Debo confesarlo: mejor voy comprendiendo las leyes imperantes en el universo que la economía nacional; sin embargo, la asumo involucrada en este asunto del abundante cuerno de donde los niños modernos sacan comida al por mayor, hasta de sobra, tanto como para tomar o hacerle el fuchi.

Antes, la mayoría de los niños éramos lo suficientemente menesterosos como para atesorar una rebanada de jamón -alimento, por cierto, conocido por una servidora después de 10 años-, un refresco de cola en su respectivo envase vítreo y, en lo personal, un Mamut de chocolate, cuya compra implicaba para mí andar andando, cuatro veces, las 25 cuadras entre mi casa y la escuela, esto con el fin de ahorrar el dinero para el autobús. Los duvalines, para cerrar, eran aprovechados hasta sus embarramientos en la tapita de aluminio.

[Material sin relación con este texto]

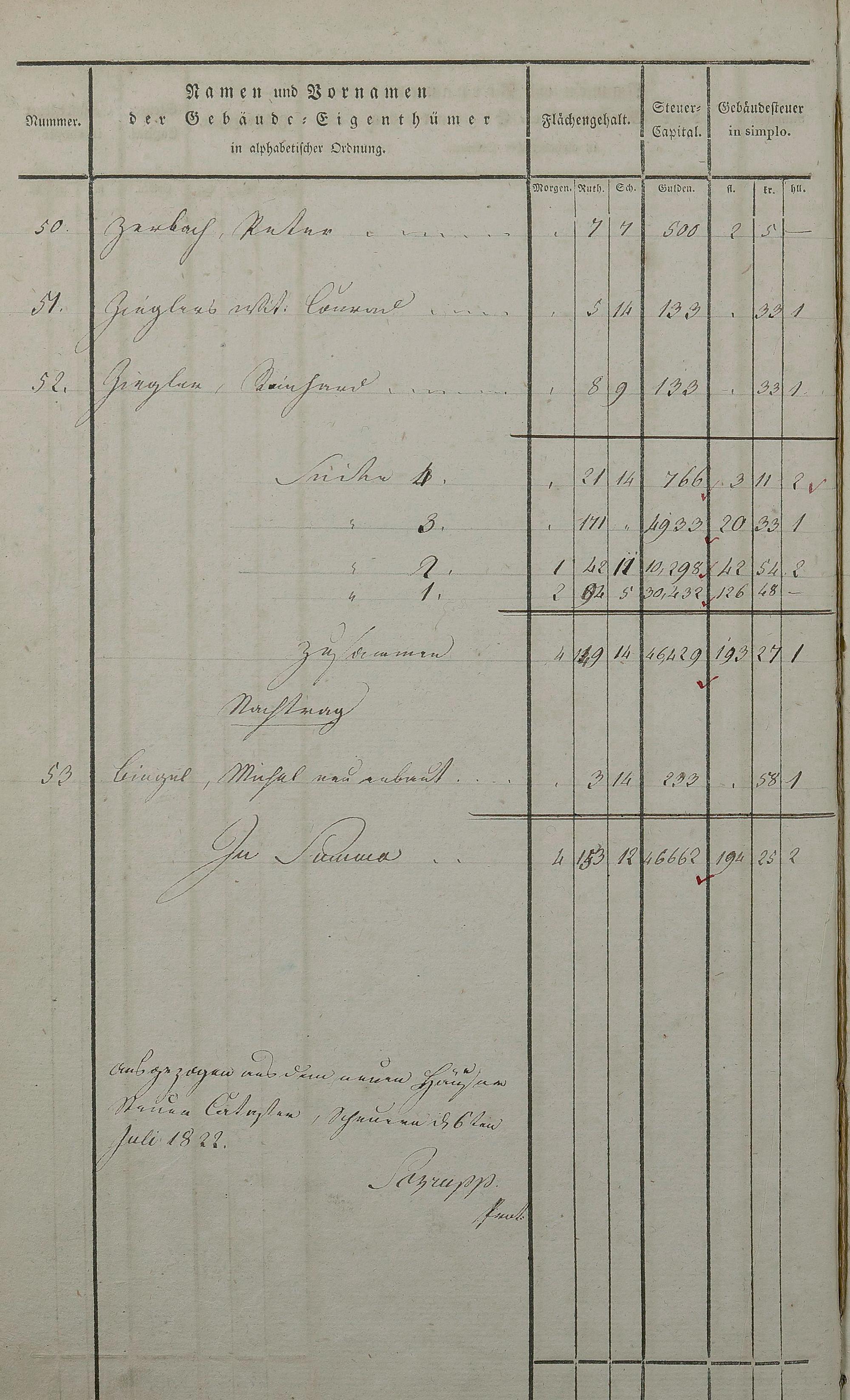 Gebäudesteuerkataster 1822 für Bad Ems - Gebäude 1 - 115
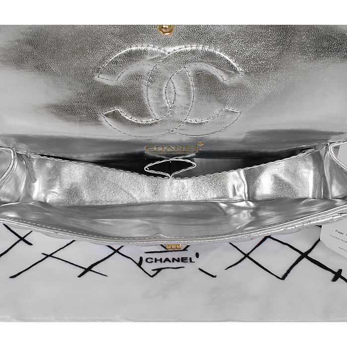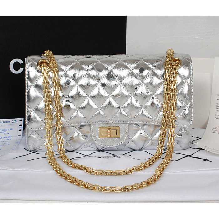 Chanel 2.55 Series Classic Flap Bag 1112 Silver Shiny Gold
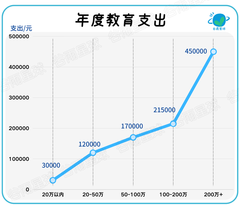 去年,收入100~200万的家长会明显增加教育开支,高达36万,而今年这个数字变成了21.5万;年入200万以上的家庭,开支48万,也比去年的60万有所降低。
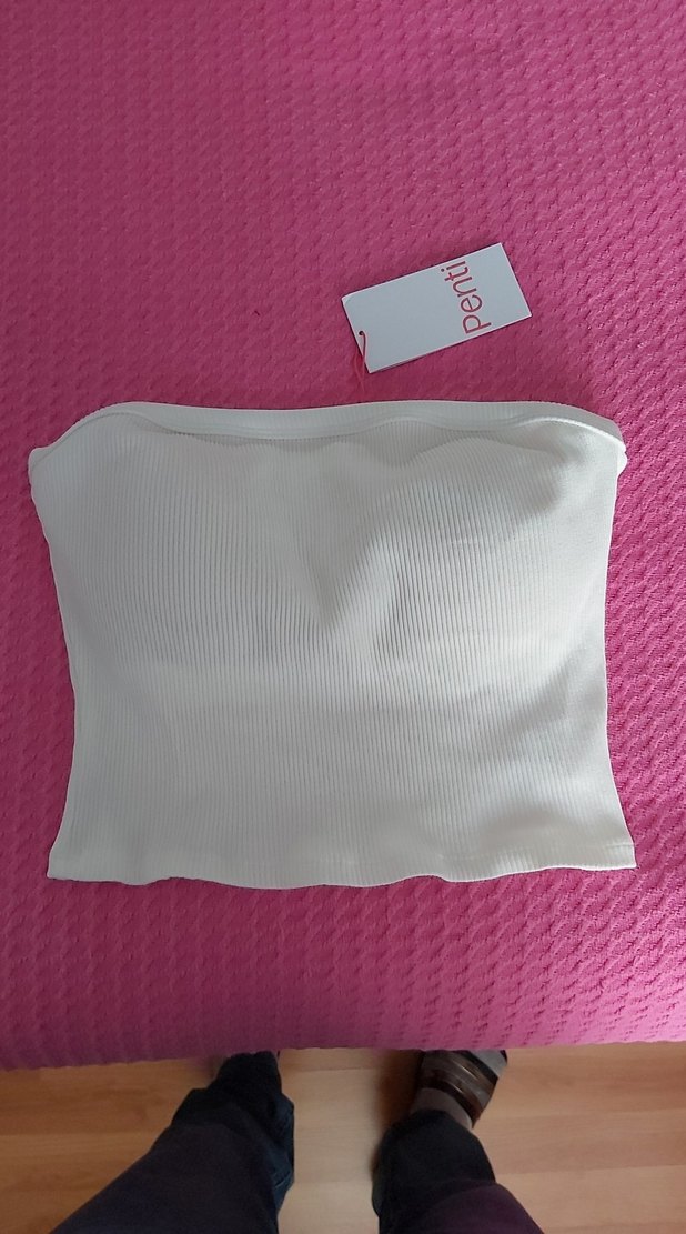 Yumuşak dokulu, beyaz crop top, hafif dalgalı kenarlarıyla rahat kullanım sağlar. Günlük kombinlere uygundur.
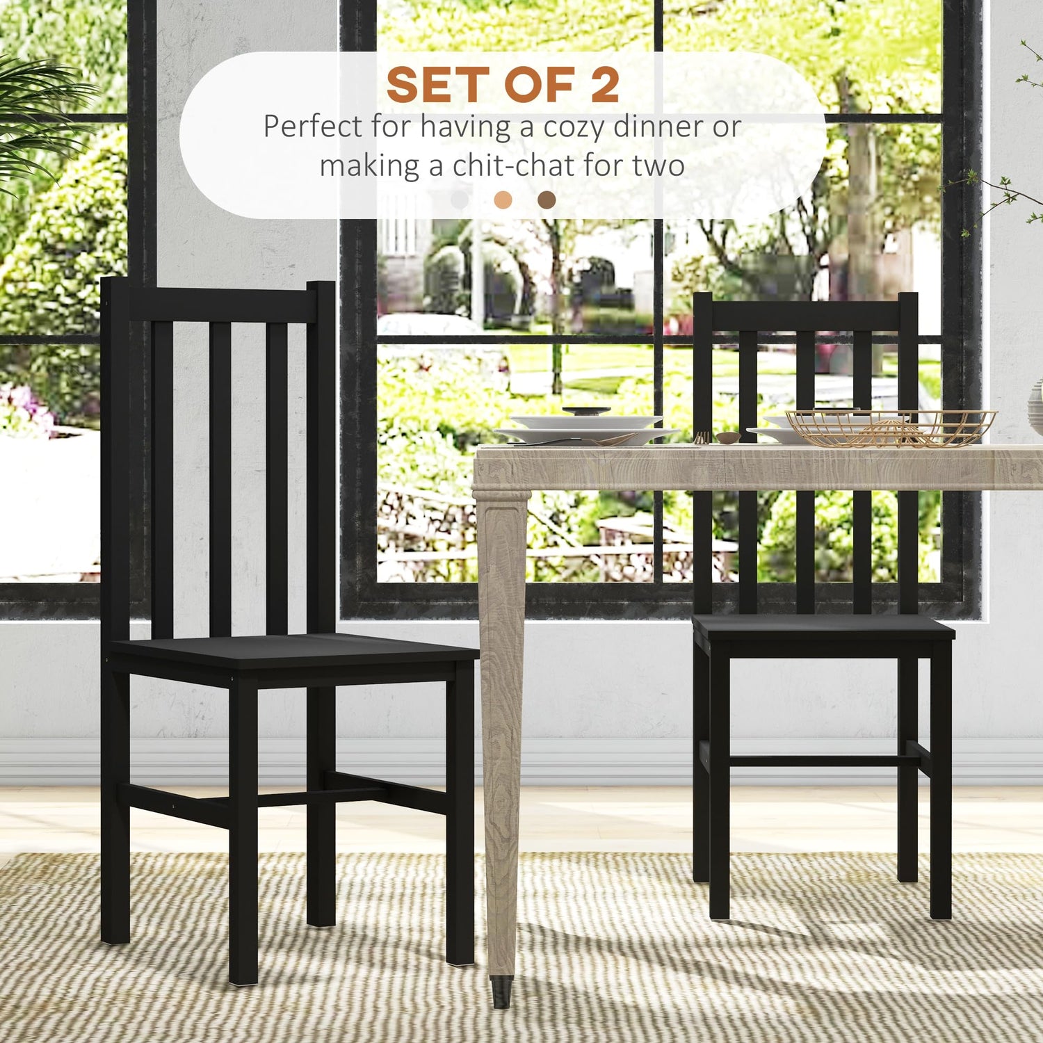 HOMCOM Dining Chairs, Set of 2 Farmhouse Kitchen & Dining Room Chairs with Slat Back, Pine Wood Seating for Living Room, Black
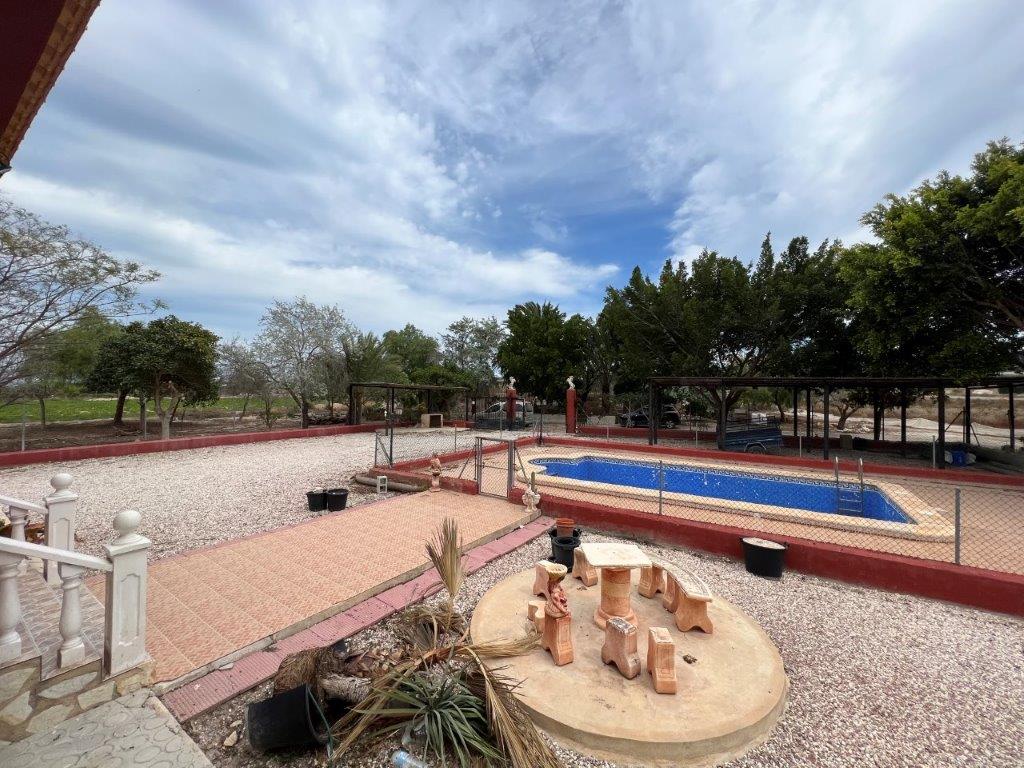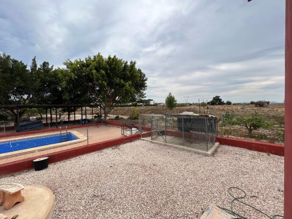 CASA DE CAMPO con impresionantes vistas en El Molar, La Marina, Alicante. Construido con materiales de calidad en estilo tradicional español en una parcela de 11826m2 y a solo 5 minutos en coche de la playa de La Marina. La Propiedad tiene 3 dormitorios y 1 baño. La cocina totalmente equipada se abre al salón/comedor con chimenea que conduce a un porche cubierto ya una terraza con barbacoa y fregadero. Se podría convertir un garaje integral. Hay mucho espacio para tomar el sol junto a la piscina privada de 8x4m o encontrar lugares con sombra bajo arbustos maduros y árboles frutales. Son 4 boxes para caballos con licencia para amantes de los animales. Posee potencial eléctrico trifásico y depósito de agua. Se han cumplido todas las legalidades. Red, electricidad, depósito de agua. En general, el enfoque de la casa está en la alta calidad de los materiales de construcción y su estructura superior. Además, como la parcela supera los 10.000 m2, ¡hay potencial para desarrollarla y hacerla realmente suya!
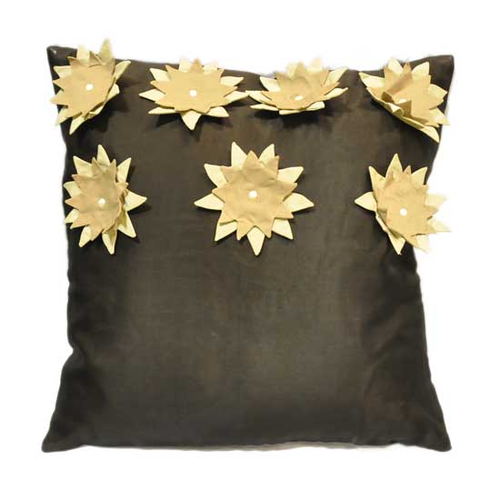 Shown here is a satin cushion cover that is adorned with fabric flower decoration for a more attractive look. The soft and smooth satin texture of this cushion cover ensures long-lasting beauty. This elegant satin cushion cover is a great decoration to accessorize a sofa.
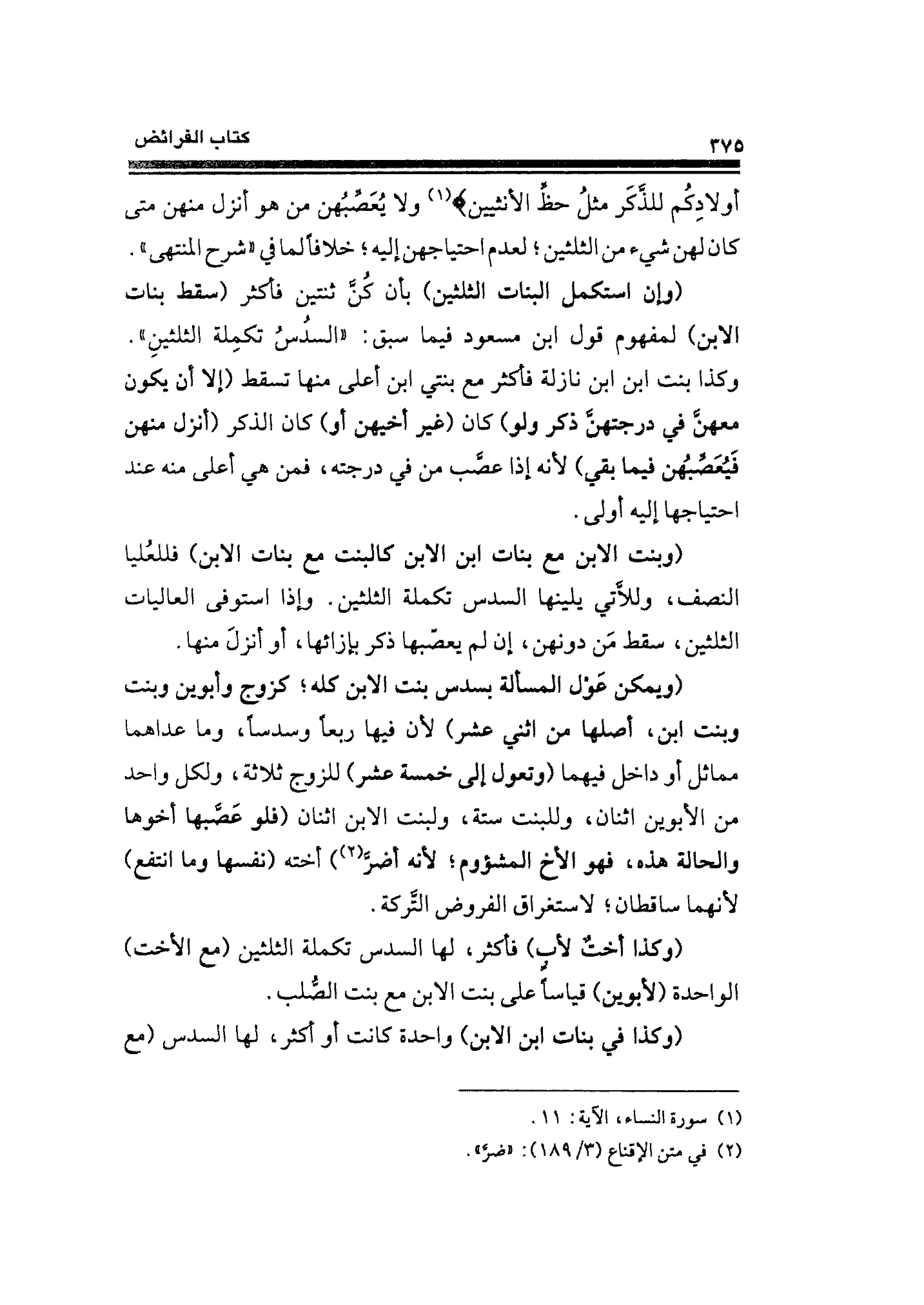 (¬١) سورة النساء الآية: ١١.
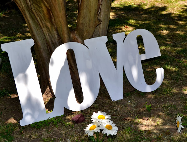 Cartel de love enorme y arboles decorados.
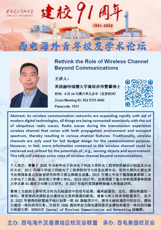 讲座名称:Rethink the Role of Wireless Channel Beyond Communications
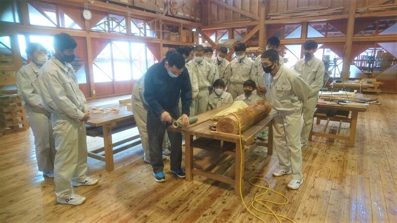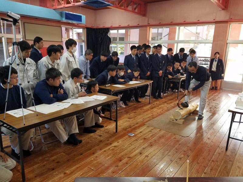 実演では釿(ちょうな)や槍鉋(やりかんな)を用いた木材の加工や、鳥居の制作に用いた各種道具の説明・披露を専攻科の生徒が中心となって行いました。
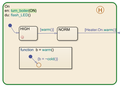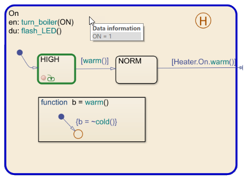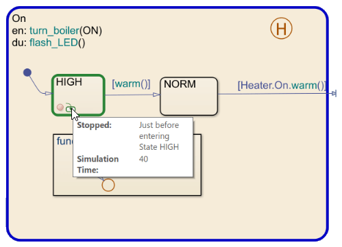 Когда диаграмма Stateflow переходит в режим отладки, редактор выделяет активные элементы синим цветом, а исполняемый объект - зеленым. Например, эта диаграмма приостановлена на entry точка останова в HIGH состояние. Активное состояние (On) выделен синим цветом, а исполняемый подсостояние (HIGH) выделяется зеленым цветом.

Aún hay niños hambrientos. No sólo aquéllos en mi mente infantil sentados en el polvoso suelo de algún país lejano, sino a unas cuadras de todos nosotros; sin embargo, un montón de chiquillos pueden tener en su refrigerador no uno, sino la caja completa de mamutes, sus padres adquieren coca-colas por paquete y el jamón en kilos para congelar.

El refrigerador en la casa materna, hace unas décadas, parecía atestado solamente con la olla de los frijoles y el sartén con la leche bronca; párele de contar. Las carnes, frías y calientes, se adquirían cuando era menester, y había con qué en la carnicería de Herrera, y a ninguno de los siete hermanos se nos hubiera ocurrido decir que no nos gustaba la carne con calabacita o las papas con chile, pues no había más en el menú -aunque, debo aceptar, era lo suficientemente sabrosos para dejarnos satisfechos-.

Bueno, a eso voy, señora mía. Quisiera saber cómo pasamos de la satisfacción a la exigencia, pues hoy cualquier hijo de mis vecinos hace lo que el hijo de los suyos: rechaza los platillos más nutritivos, variados y recomendables, ingiriéndolos como si estuviese condenado a una pocilga. Al menos, ésa es la expresión en un montón de chiquillos cuyas madres están a punto de quedar calvas tratando de encontrar la piedra filosofal que transforme sus guisos en aquello pretendido por los hijos, porque, en honor a la verdad, una ya no sabe ni qué pensar.

Tengo una colección con 365 recetas diferentes para agasajar a la familia sin fastidios ni hartazgos; tengo, además, un hijo de nueve años. La teoría indicará que pude cubrir mis necesidades como ama de casa en nueve vueltas completitas, pero lamento decirles cuán equivocados están: muy apenas llegué a la receta 5 y di como bonito regalo mis libros a una mujer soltera.